I took a theatre history class in high school as part of a summer drama program. I don’t remember much about it.
A graying, distinguished professor. A dusty lecture hall. Passing notes to my friends. Some stuff about the Greeks. That’s about it. Then I went to college, and theatre history was tied to plays, and to production, so of course it made more sense, and fell into place. Somewhat.
Then I started teaching drama. And I felt a responsibility to it. It is, after all, a standard, and shouldn’t we make sure that our creative artists have solid foundations in the why and wherefore of the divine madness?
But it still doesn’t seem to be something which is easy to teach to beginning drama students. And for many of us, who teach a basic, comprehensive drama class, that is a challenge.
The first time I ever attempted to teach theatre history, it was to advanced students, and even they were resistant. Take these kids who feel like they’ve been acting, doing, and start handing them handouts, and lecturing to them, and wanting them to read archaic texts, and there will be pushback. You could, of course, start the year with it, but then how do you ever wake up these potential performers who have been used to doing the book work of academia, but applied to theatre?
You make it active, using the principals of on-your-feet learning.
I’ve been able to jam a lot of content into students by distilling what I’m trying to teach into a few ideas, and putting those ideas into an active context which has a performance component.
Let’s begin with the beginning. Storytelling.
How Did Theatre Begin?
1. Ask your students: How did theatre begin? You can do this as a quickwrite, a snowball (write it down, throw it across the room, everyone pick up someone elses) a think/pair/share. You can have them actively make group sculptures that demonstrate their ideas.
2. Record their responses in physical form so that they can be referred to. On the whiteboard, on butcher paper, on your cool smartboard thing. Whatever.
3. They will give you responses that don’t go far back enough. Push them to get to early man, to groups of people who were trying to survive, who were governed by what we now call “magical thinking,” a kind of thinking that made them create rituals in order to safeguard themselves.
Ritual can be defined as 1. A religious or solemn ceremony consisting of a series of actions performed according to a prescribed order. 2. of, relating to, or done as a religious or solemn rite.
Depending on your population, feel free to emphasize or deemphasize the religious element of this discussion. I go to great lengths to point out that when I mention religion in the classroom, as I frequently do while discussing theatre history, I am doing so in a way which considers religion as a force in culture rather than emphasizing any particular religion’s approach to anything.
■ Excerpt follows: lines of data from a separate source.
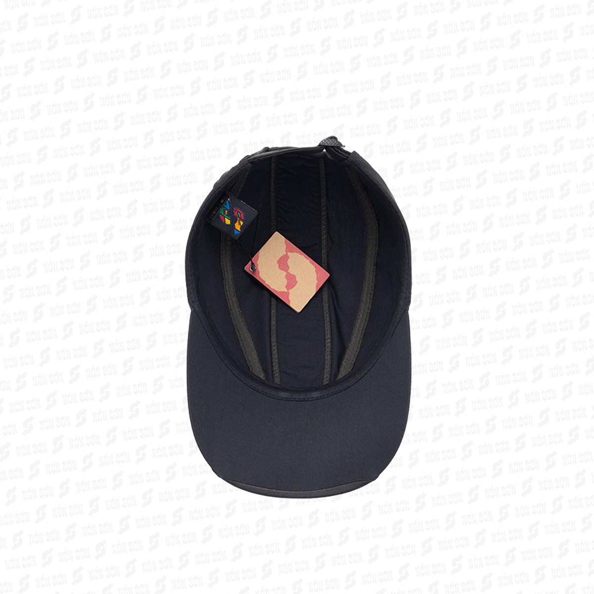 - Sử dụng kẹp phơi vào đai bên trong nón (vị trí giữa lưỡi trai), sao cho lưỡi nón hướng phía trên và dây đuôi hướng phía dưới.
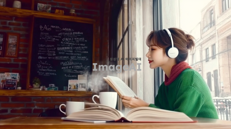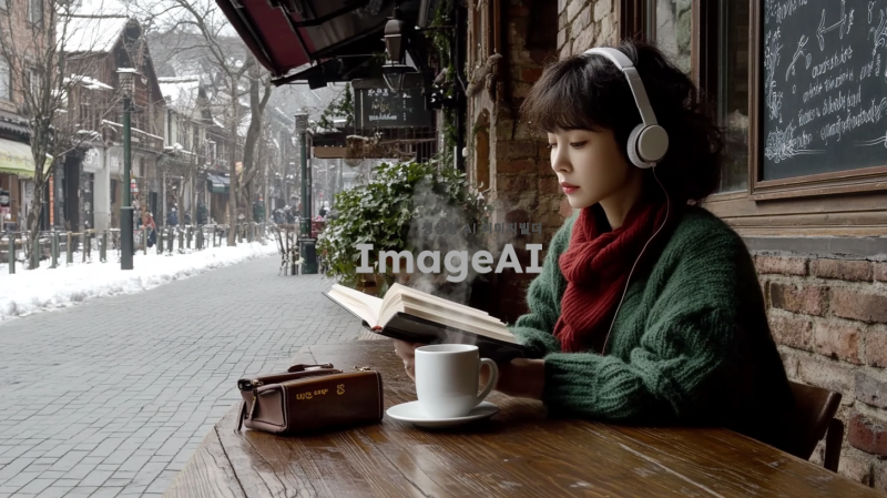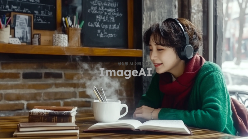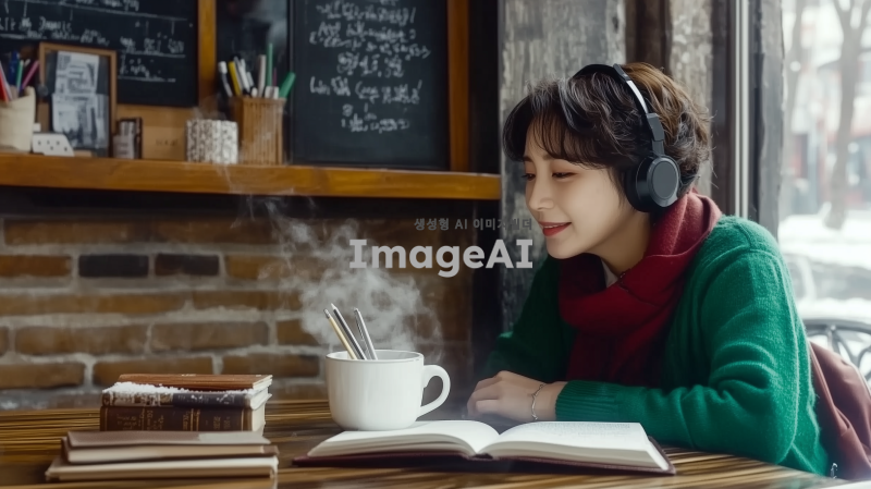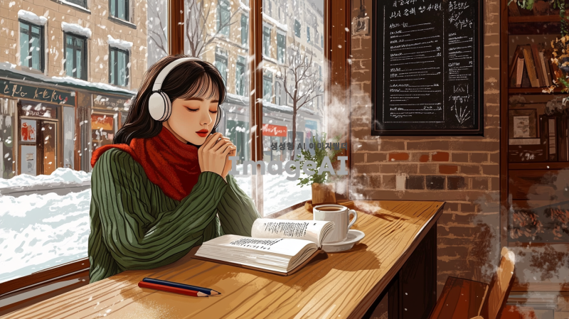 중년 여성, 아이유를 닮은 귀여운 한국인 가수, 헤드폰을 쓴 예림, 아늑한 카페의 나무 테이블에 앉아 책을 읽고 있다. 그녀는 초록색 스웨터와 빨간색 스카프를 착용하고 있다. 테이블 위에는 손잡이가 있는 하얀 머그잔에서 김이 나고 있으며, 필통과 펼쳐진 책이 놓여 있다. 배경에는 벽돌 벽이 있고, 선반에는 화분, 책, 액자에 담긴 그림들이 놓여 있다. 벽에는 프랑스어로 적힌 칠판 메뉴가 걸려 있다. 카페는 큰 창문이 있어 바깥 거리와 건물이 보인다. 창문에는 눈이 쌓여 있으며, 전체적인 분위기는 따뜻하고 매력적이며, 평화롭고 공부하기 좋은 환경을 암시한다.
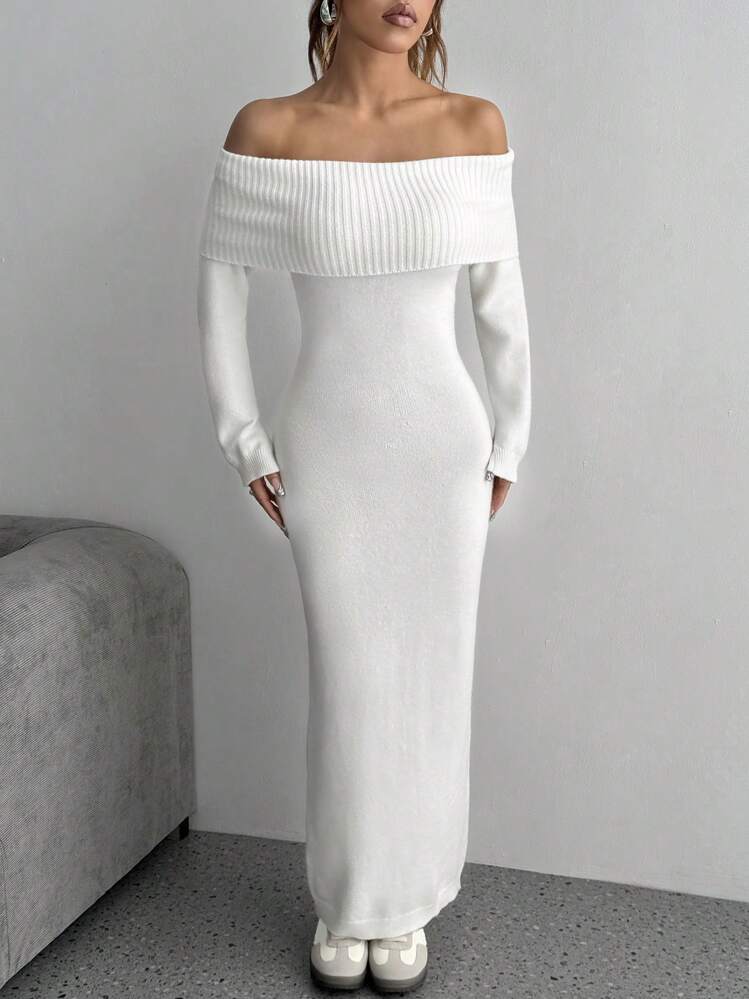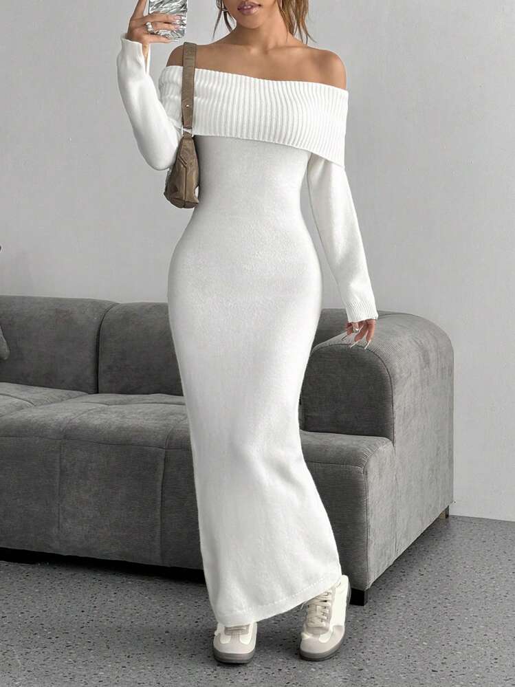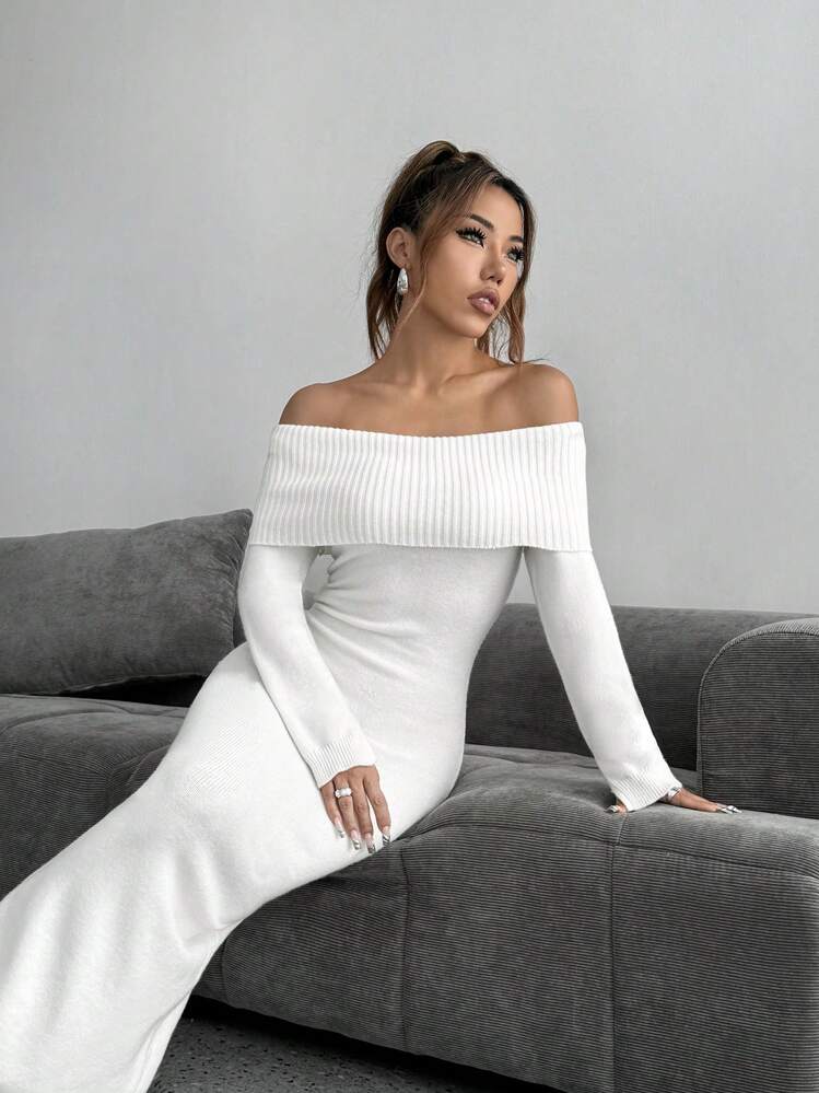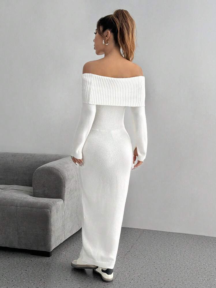 Luksusowa dzianinowa sukienka ecru maxi z odkrytymi ramionami/hiszpanką i długimi rękawami. Doskonała na wieczorne wyjścia i eleganckie okazje. Klasyczny kolor ecru pasuje do wielu stylizacji.

You can bring up the commonly held theory that theatre evolved from ritual, and that you can divide early ritual up into a few performative elements:
Elements of Ritual
1. Shamanism ( a medicine man or woman who was responsible for preserving stories and traditions of a people, connecting the past, present and future, present in the traditions of ancient civilizations around the world. Frequently used illusion and spectacle to communicate with those seeking guidance. )
2. Storytelling (oral traditions)
3. Music (chanting, rhythm, songs)
4. Dance (everything from imitating animals to recreating historical events to stylizing the preparations for coming of age ceremonies and weddings)
Types of Ritual
Now ask your students to give you examples of rituals, from ancient to modern, and classify them into 3 types.
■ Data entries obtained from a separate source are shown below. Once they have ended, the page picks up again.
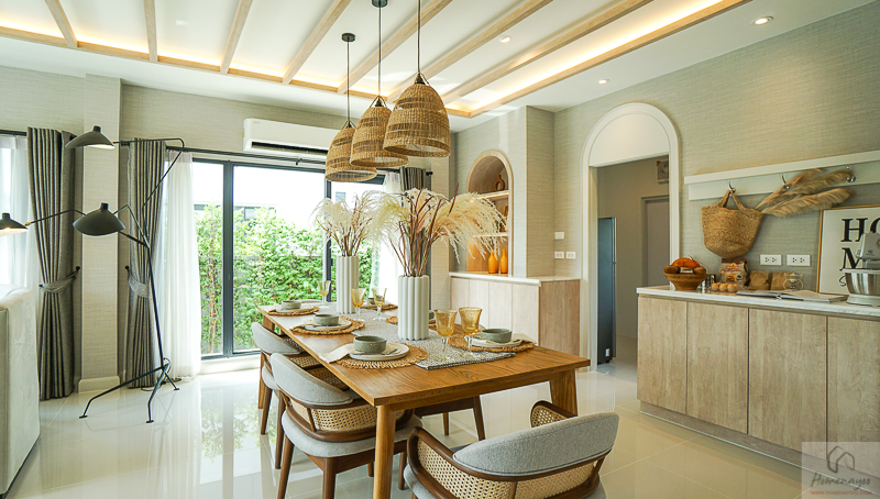 ถัดไปเป็นส่วนรับประทานอาหาร พื้นที่เปิดโล่งเชื่อมต่อกัน
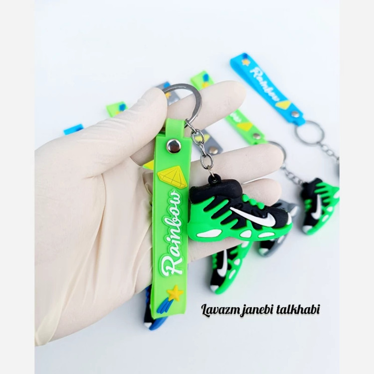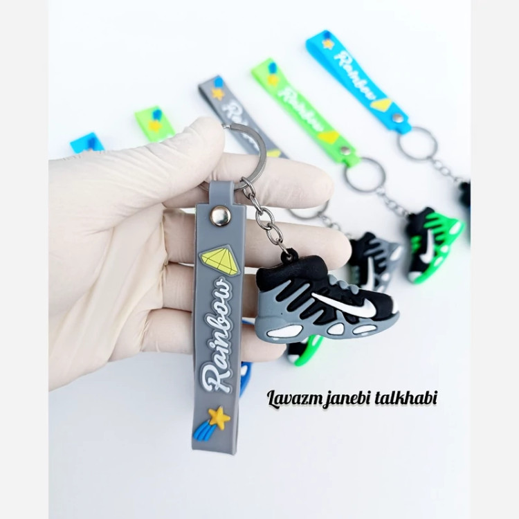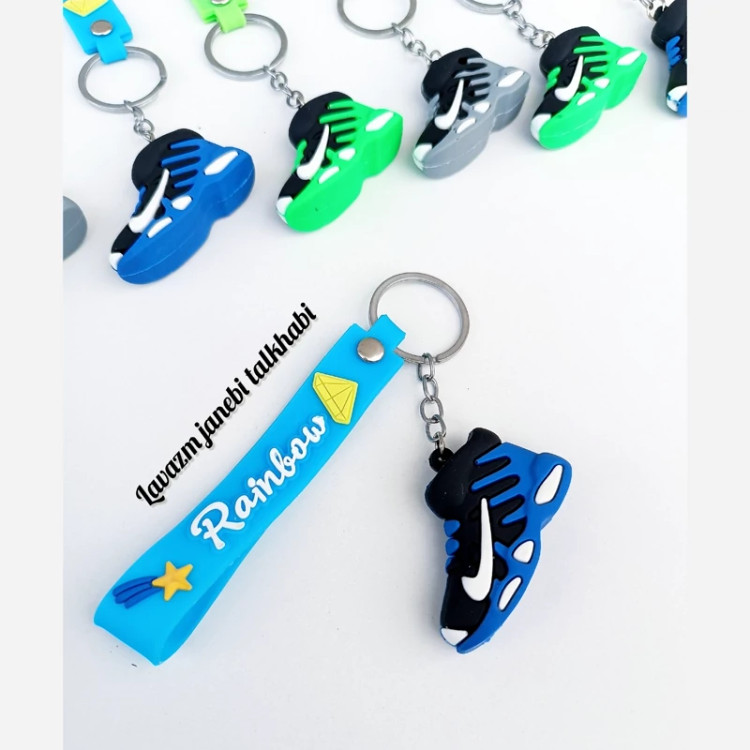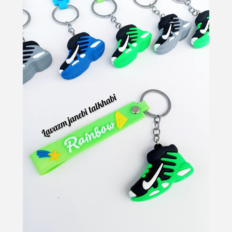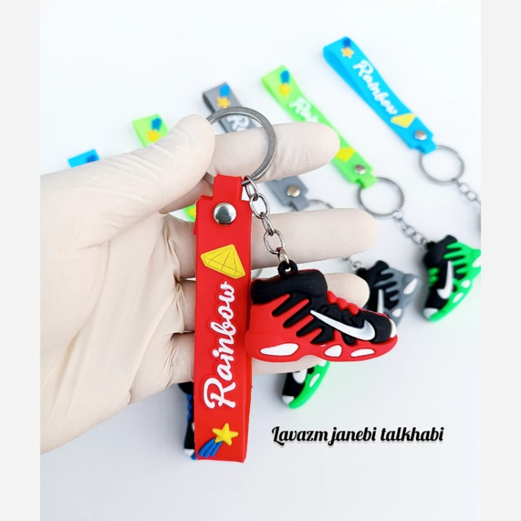جاکلیدی سیلیکونی وارداتی طرح کفش اسپورت (کتونی نایکی) همراه با بند سیلیکونی،بسته 1 عددی (تخفیف ویژه)
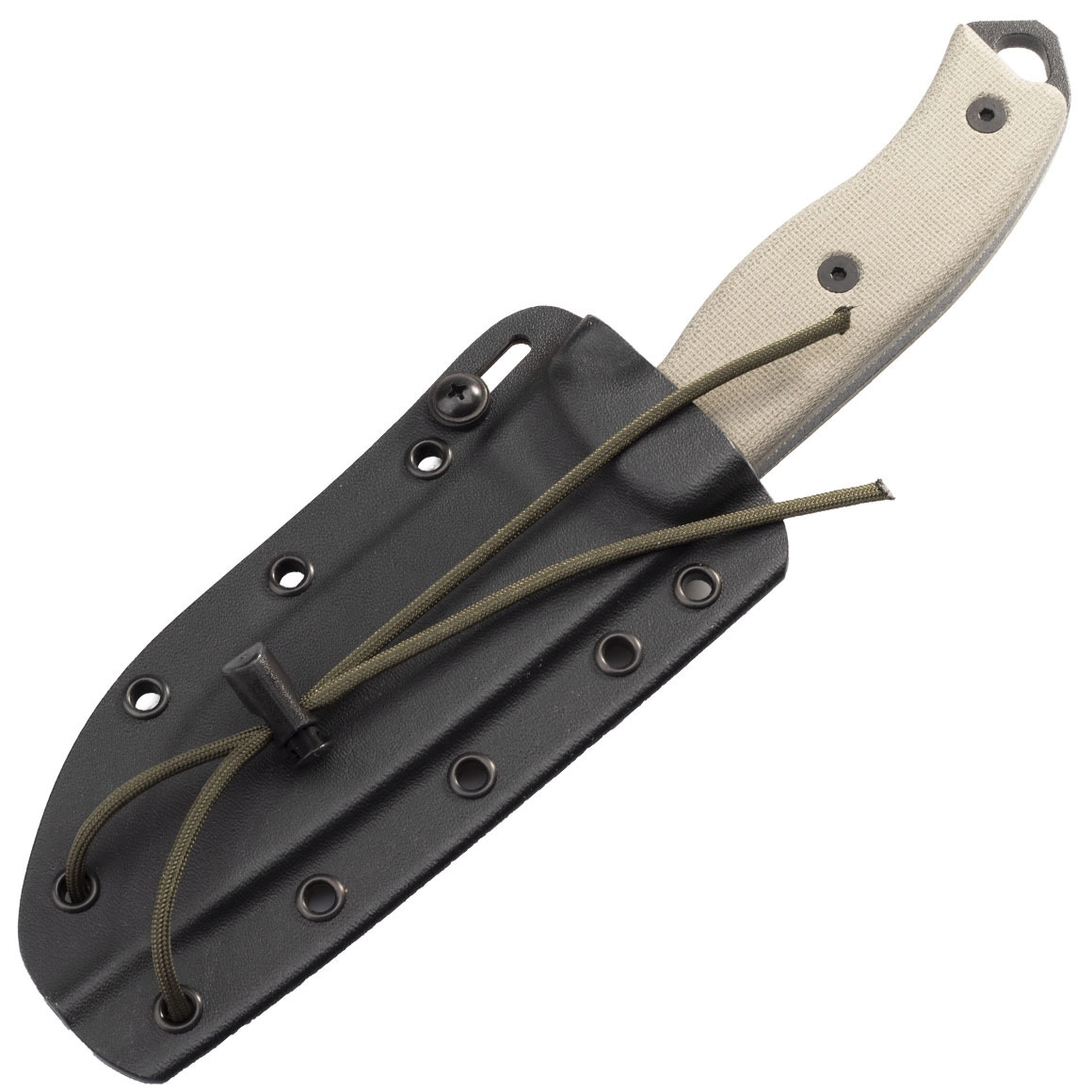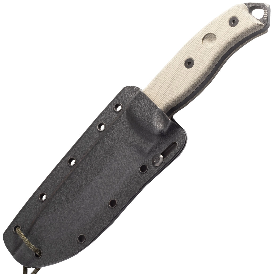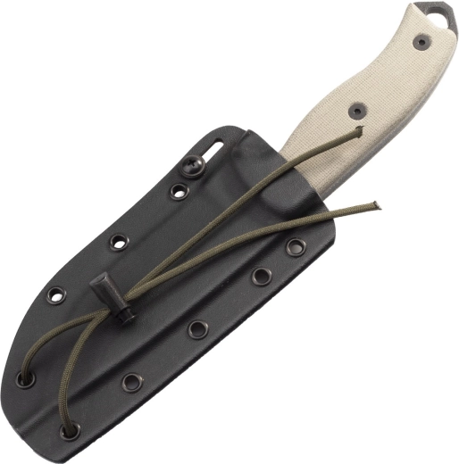De handgreep van canvas micarta is geschroefd, ligt zeker in de hand en biedt uitstekende grip, ook nat. Opvallende jimping voor de duim, een koordoog en een glashamer/slagpin aan het uiteinde ontbreken niet. Een bijzonder detail is het geïntegreerde kommetje voor bow‑drill om vuur te maken. Het mes wordt geleverd met een duurzame Kydex schede met meerdere doorgangen voor variabele draagopties.

1. Power (inagurations, parades, openings of athletic events, other civic ceremonies, graduation)
2. Pleasure (weddings, christenings, prom)
3. Duty (funerals, taking the SAT, naming ceremonies, christenings, voting, attending religious services)
Creating a Ritual
You can choose to handle this as a solo performance or a group project.
1. A Moment from Life is a project most of us do in some way, and it connects very well to ritual if one looks at ritual in a personal context, which is a really appropriate way to characterize it with beginning students. I have a set of directions for this in my store.
2. Group Ritual is another fun way to see if students have internalized this. Have students depict a ritual, anything from brushing teeth to swearing in the president using the elements of ritual. In other words, their piece should incorporate shamanism, storytelling, music or dance, or some combination of the four, with the intention of either elevating the routine or placing the sacred and specific into some sort of epic context.
Whatever way you do it, these are really fun for students to work on, and they have the effect of cementing the purpose of ritual and the placement of ritual within the context of performance studies for them.
You can wrap this up with a discussion or journal or exit ticket, but you will be surprised at how “doing” a historical context can help students remember its placement and context.